Re: The Quest For A 6x6 Methuselah In LeapLife
Posted: December 4th, 2020, 7:52 pm
by Dylan Chen
I'd like to contribute.But how?
Re: The Quest For A 6x6 Methuselah In LeapLife
Posted: December 4th, 2020, 10:29 pm
by goldenratio
Tried to make a script for this a couple weeks ago but it doesn't work
Code: Select all
import golly as g
# Initialization
w = int(g.getstring("Width:"))
h = int(g.getstring("Height:"))
count = int(g.getstring("Soup count:"))
greatestrun = 0
gens = 0
# Set the maximum stabilization time higher if needed
maxgens = 4800
# periodcheck = LCM of periods for most common oscillators/spaceships in the rule
periodcheck = 12
pop1 = 0
pop2 = 0
pop3 = 0
soup = []
keep_running = True
g.select([0, 0, w, h])
g.setbase(8)
g.setstep(4)
# Running the specified number of soups
for i in range(count):
g.randfill(50)
g.run(periodcheck)
pop3 = int(g.getpop())
g.run(periodcheck)
pop2 = int(g.getpop())
g.run(periodcheck)
pop1 = int(g.getpop())
while keep_running == True:
# Checking if population is cyclic with period periodcheck
if ((pop1 == pop2) and (pop2 == pop3)):
keep_running = False
gens = int(g.getgen())
# Checking if soup breaks current record and recording soup if it does
if (gens > greatestrun):
g.reset()
soup = g.getcells([0, 0, w, h])
greatestrun = gens
# Checking if soup reached maximum number of generations
if (g.getgen() > maxgens):
keep_running = False
# Run and update the three most recent populations
g.run(periodcheck)
pop3 = pop2
pop2 = pop1
pop1 = int(g.getpop())
keep_running = True
g.reset()
# Only showing every tenth soup generated
if (i % 10) == 0:
g.update()
if (i % 100) == 0:
g.show(str(i) + " soups completed; current record = " + str(greatestrun))

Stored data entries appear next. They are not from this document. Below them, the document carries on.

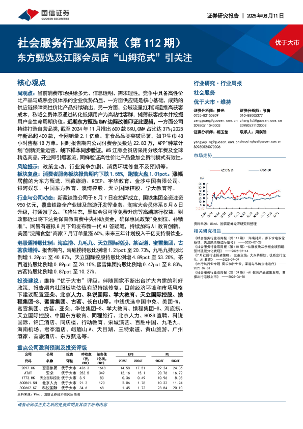【国信证券】【20250811】社会服务行业双周报(第112期):东方甄选及江豚会员店“山姆范式”引关注-10页
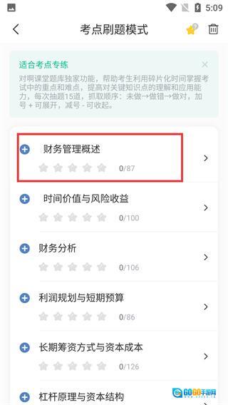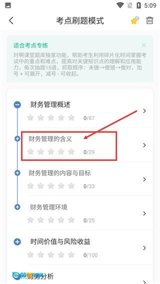3、在考点刷题模式页面,找到【财务管理概述】考点,点击该考点即可展开其下的细分知识点。
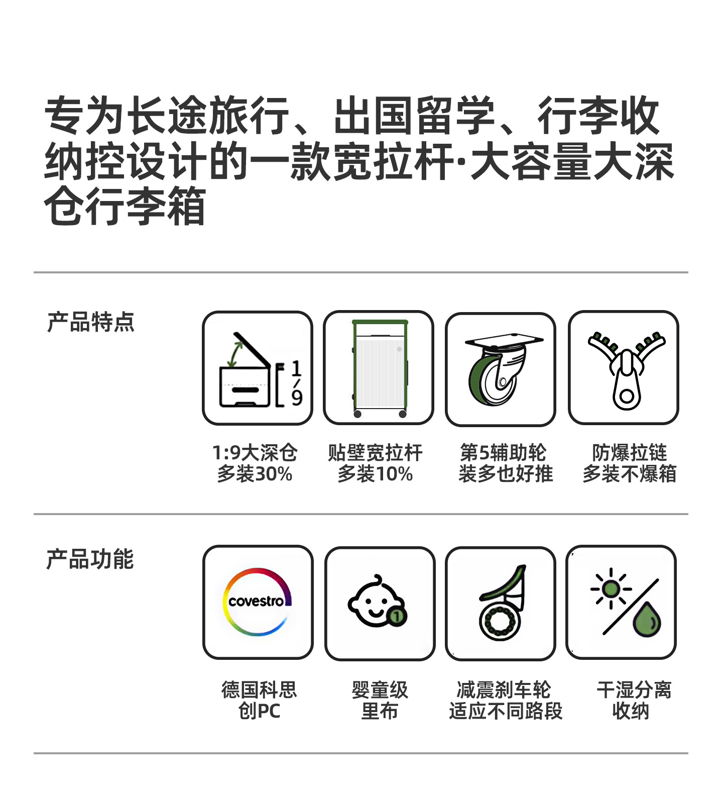 • 30inch [충격흡수 브레이크 휠 + 이중 방폭 지퍼 + 5륜 무소음]

# Pasting record soup into new pattern
g.new("")
g.putcells(soup)
You could use this less complicated (working) script to find largest non-infinite-growth final populations but that often doesn't find the longest lived methuselah
Code: Select all
import golly as g
w = int(g.getstring("Width:"))
h = int(g.getstring("Height:"))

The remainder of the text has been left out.